After officiating at his second Rugby World Cup in New Zealand in 2011 and refereeing the third/fourth place game between Wales and Australia, Barnes refereed a Heineken Cup semi-final on Sunday 29 April 2012; Clermont Auvergne v Leinster.

Barnes was one of the officials at the Pacific Nations' Cup in Japan in 2013.

On 25 May 2013, Barnes refereed the English Premiership final between Leicester Tigers and Northampton Saints, his fifth English Premiership final, during which he sent off Northampton captain Dylan Hartley for calling Barnes "a fucking cheat”. This was the first time a player had been sent off in a Premiership final.

Barnes was one of 12 referees selected to officiate the 2015 Rugby World Cup.

On 22 December 2017, Barnes broke the all time Premiership appearances record (191) for a referee while officiating Worcester Warriors 23–8 victory over London Irish.

He was selected as a match official for the 2019 Rugby World Cup in Japan.

In January 2022, Barnes refereed his 250th Premiership Rugby match. On 5 November 2022, Barnes refereed the match between Wales and New Zealand in the 2022 Autumn Nations Series.
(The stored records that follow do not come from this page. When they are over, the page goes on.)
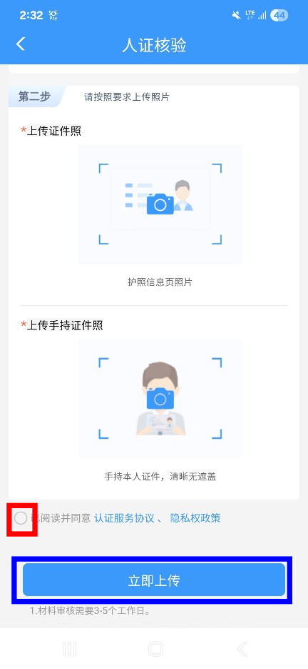 8) 사진 업로드가 끝나면, 빨간 네모 안의 체크박스 (이용약관 등 동의) 에 체크 후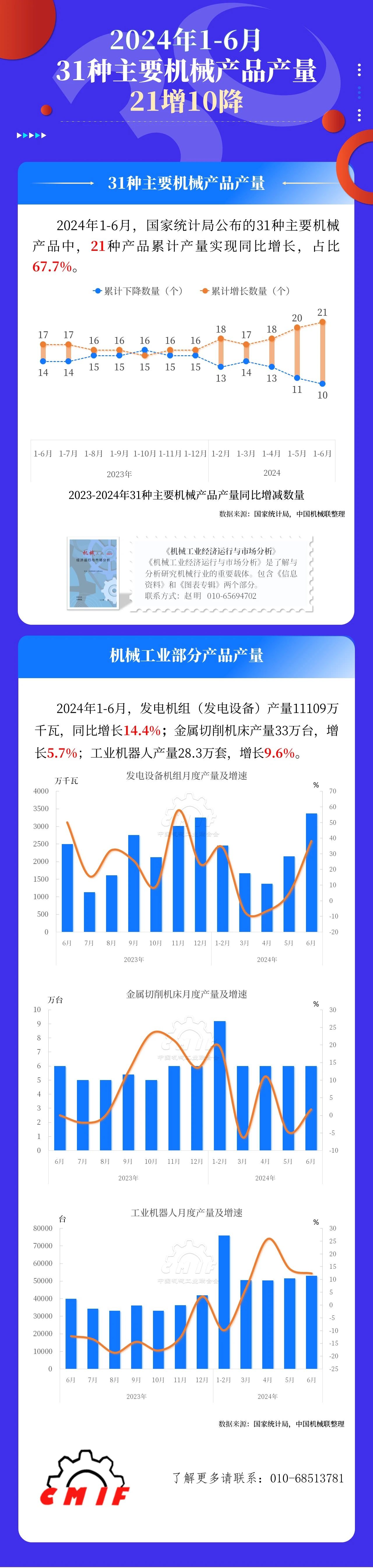 2024年1-6月,國家統(tǒng)計局公布的31種主要機械產(chǎn)品中,21種產(chǎn)品累計產(chǎn)量實現(xiàn)同比增長,占比67.7%。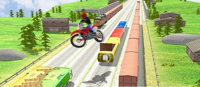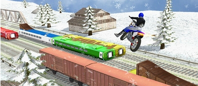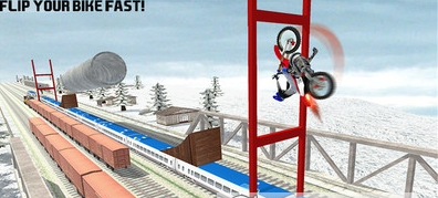 火车摩托特技是一款极限摩托车游戏,你可以通过摇杆试操作进行特技操作,摩托车与火车的组合,充满着奇幻元素。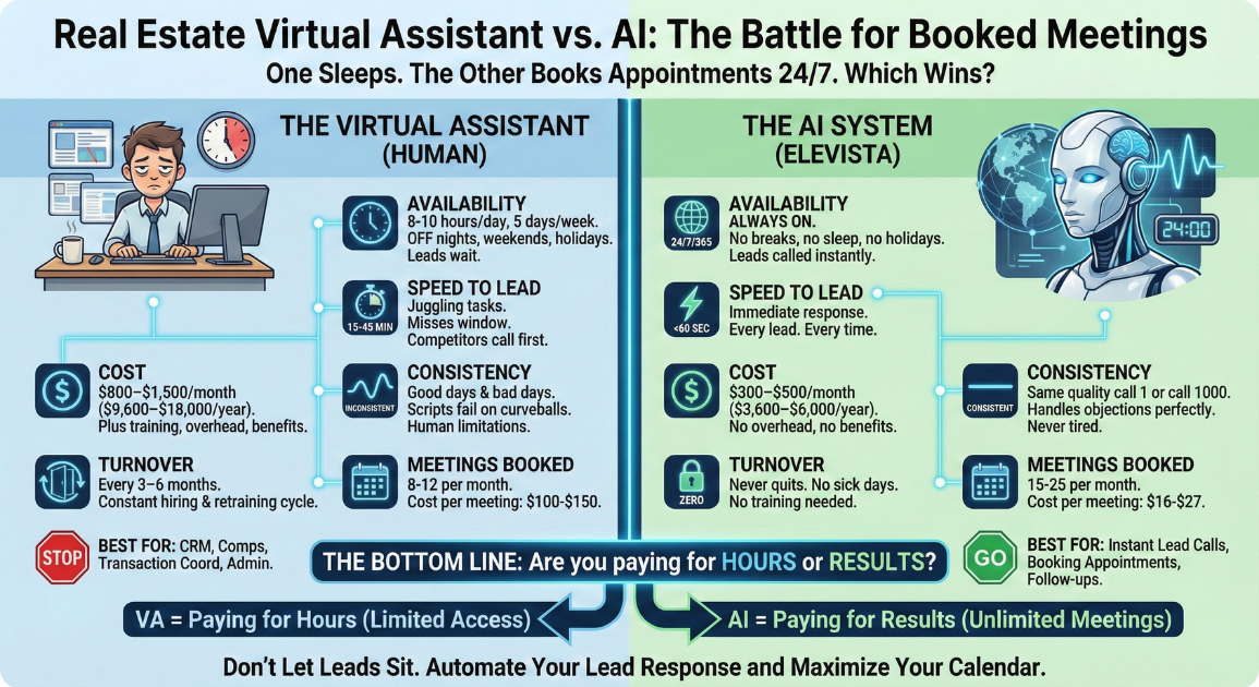 The real estate virtual assistant vs AI debate isn't about which technology is cooler. It's about which one actually puts meetings on your calendar consistently, 24 hours a day, without you babysitting it.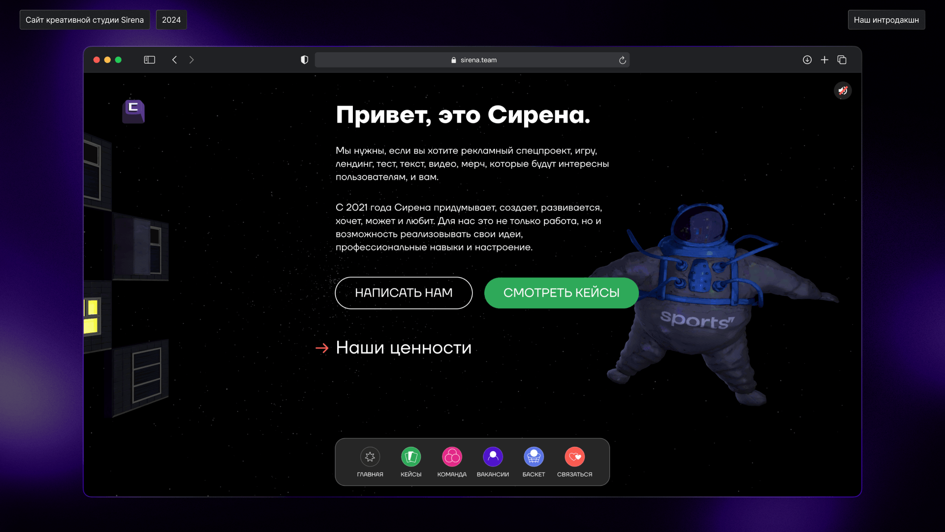 Мы любим наш сайт, честно. Он отражает нас и нашу работу. Внутри него много интерактива: от баскетбола до простого взаимодействия с элементами. Различные элементы, приколы, отсылки, что свойственно креативной студии. Но еще это большой эксперимент, который удался. После него мы стали чаще реализовывать подобные проекты, желая сделать наш web еще интереснее и красивее.
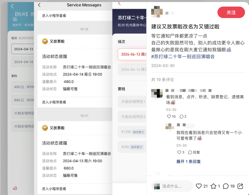 虽然有很多网友亲测后表示,“我压根没通知”、“用处有但不大,还是要拼网速”、“一直提醒有票,但点进去一张票没有”。但依然拦不住热情的歌迷,热门演出开票期间,第三方监测小程序甚至会因为人数过多出现BUG。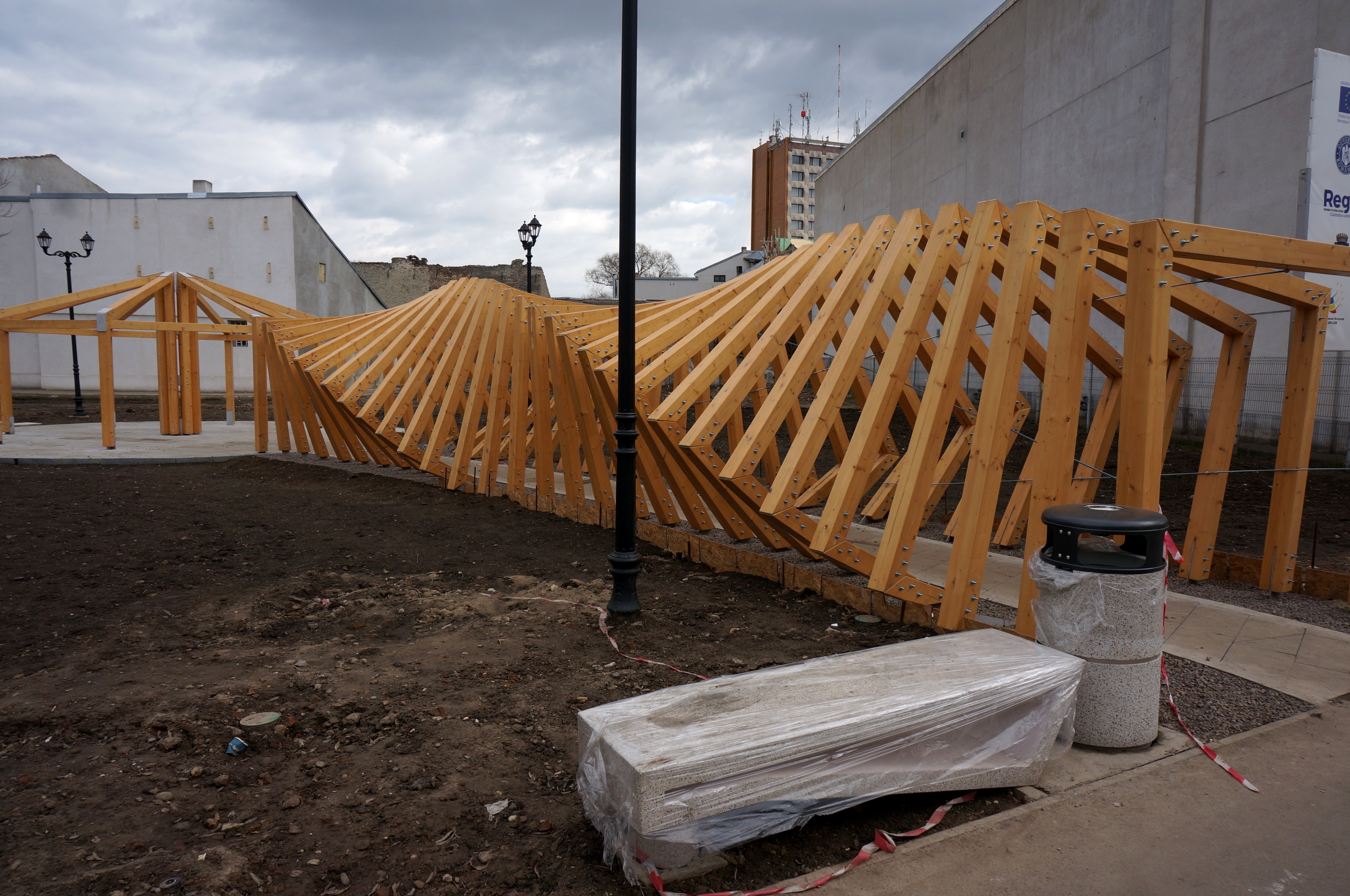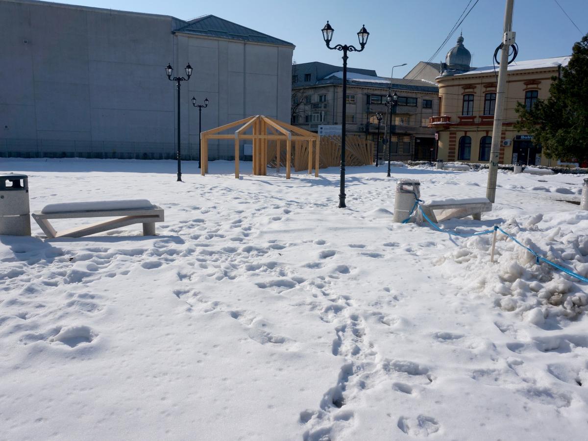 Amânări peste amânări pentru finalizarea proiectului de aproape 18 milioane de lei, ce prevede amenajarea a trei noi mini-parcuri în Centrul Vechi - printre care și cel din spatele Muzeului - și reabilitarea a trei străzi care asigură accesul la aceste parcuri. Firma ”Concivia” este constructorul angajat de Primărie, în urma unei licitații, pentru implementarea acestei investiții finanțate în proporție de circa 50% din fonduri europene, iar restul de la bugetul local. Când a semnat contractul de execuție, aceasta și-a asumat ca termen de finalizare data de 15 noiembrie 2022. La acea dată, însă, lucrările erau departe de a fi gata, chiar dacă cel mai vizibil front de lucru, cel de pe terenul de pe Calea Galați, din spatele Muzeului, începuse să prindă formă, apropiindu-se vag de ceea ce prezentau machetele arătate de Primărie când a demarat proiectul. Este vorba despre acel foișor din lemn, care inițial avea o formă rotunjită, ca de iglu, dar până la urmă a ieșit ceva țuguiat, ca un cort otoman... Pe lângă chioșcul de lemn, în mini-parcul din spatele Muzeului au fost schițate viitoarele alei și au fost amplasate, la sfârșitul anului trecut, câteva bănci din beton, cu un design destul de modern, precum și mai multe pubele tot dintr-un beton special, cu aspect plăcut. Toate aceste elemente de mobilier stradal au rămas, până la ora actuală, împachetate cu folia de plastic cu care au fost livrate de producător, în așteptarea momentului în care părculețul va fi, în sfârșit, finalizat și dat în exploatare. Așa le-a prins ninsoarea de la sfârșitul lui ianuarie, iar primii ghiocei ai primăverii le va găsi probabil cu foliile de plastic ceva mai rupte, dacă nu din cauza oamenilor atunci din cauza zăpezii, a vântului și a altor intemperii.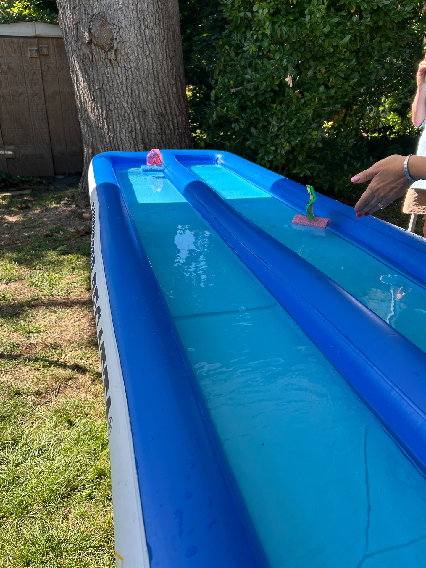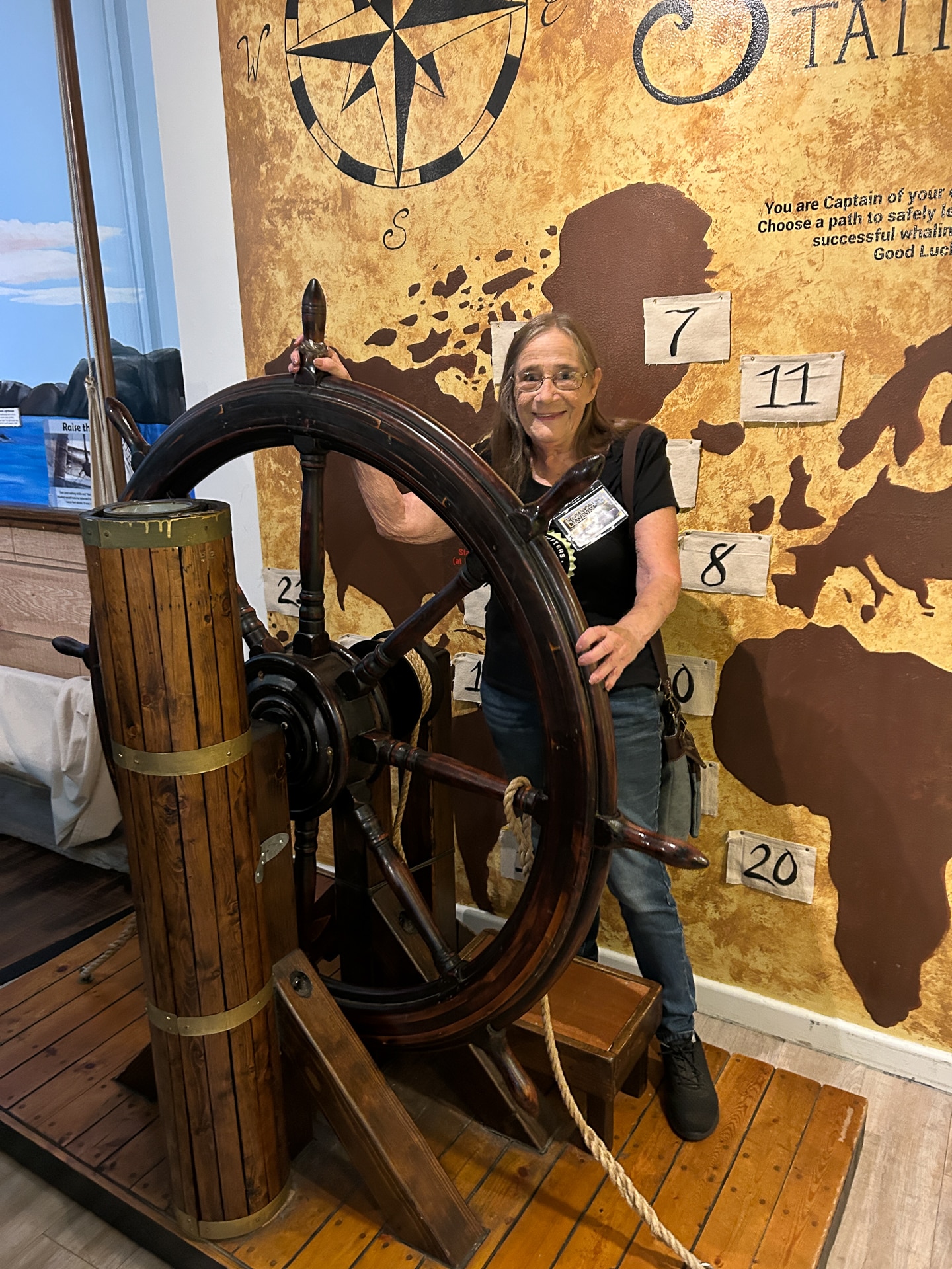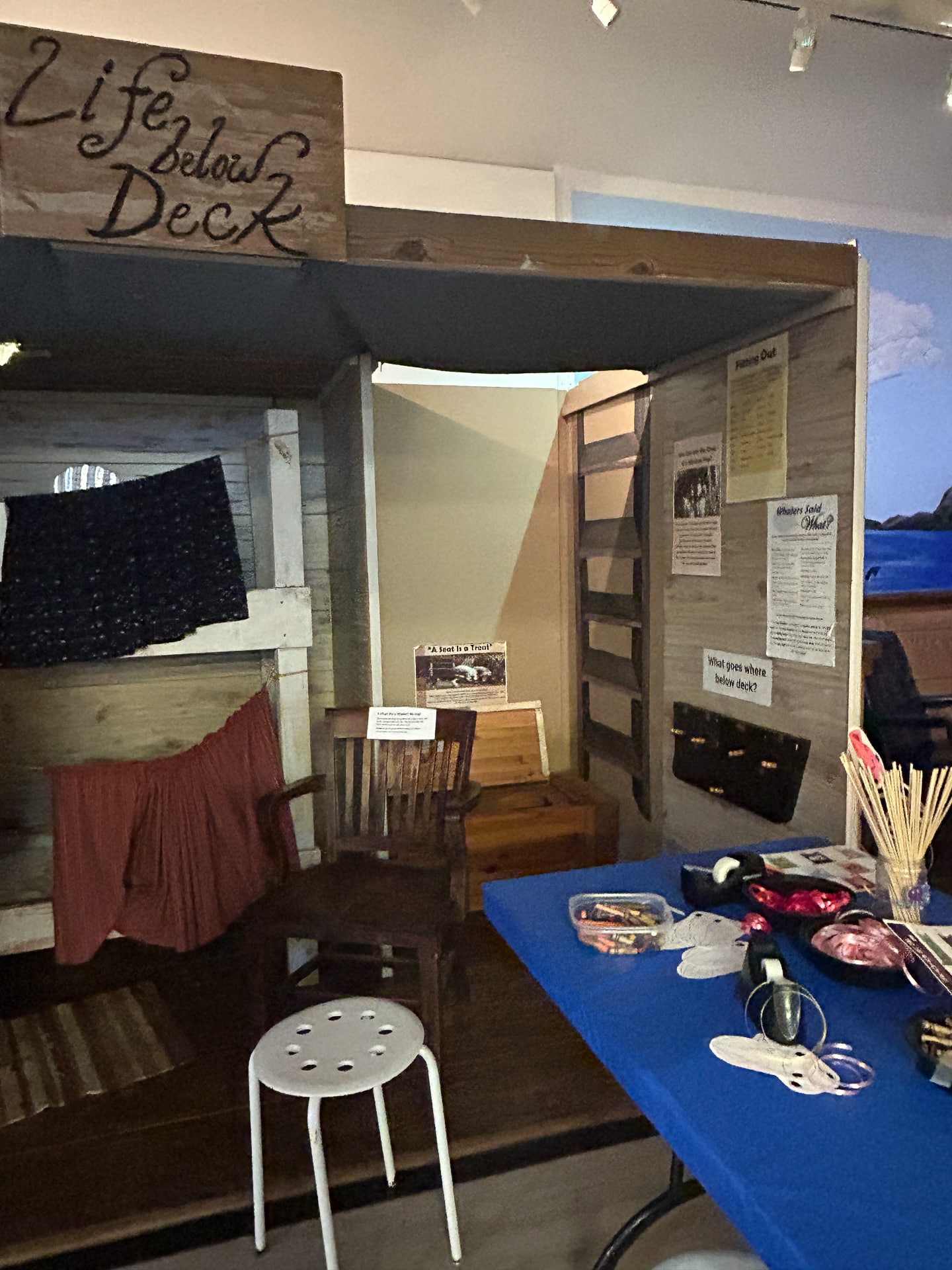 Harpoon Throwing (pool noodle) for “blubber” (container of slime) was outside behind the Museum where a Museum Educator held an authentic whaling harpoon for guests to feel and hold. The Boat Racing tent next door had guests building custom boats with pool noodle pieces, popsicle sticks, and foam shapes that they could race in 2 lanes of an inflatable pool. Yes, Diane’s boat crushed June’s for well-earned bragging rights.

It was his 100th international match as a referee, equalling the record set by Wales' Nigel Owens.

In October 2023, Barnes was chosen to referee the 2023 Rugby World Cup final between New Zealand and South Africa at the Stade de France, in his 111th test match and 27th World Cup match. Joining Barnes were compatriots Karl Dickson and Matthew Carley as assistant referees, and Tom Foley as the television match official.

On 2 November 2023, Barnes announced his retirement from refereeing after officiating in 111 test matches, including five Rugby World Cups and 26 Six Nations matches.

Barnes' autobiography, Throwing the Book, written with Ben Dirs, with an audiobook version narrated by Rich Keeble, was released by Hachette on 9 November 2023.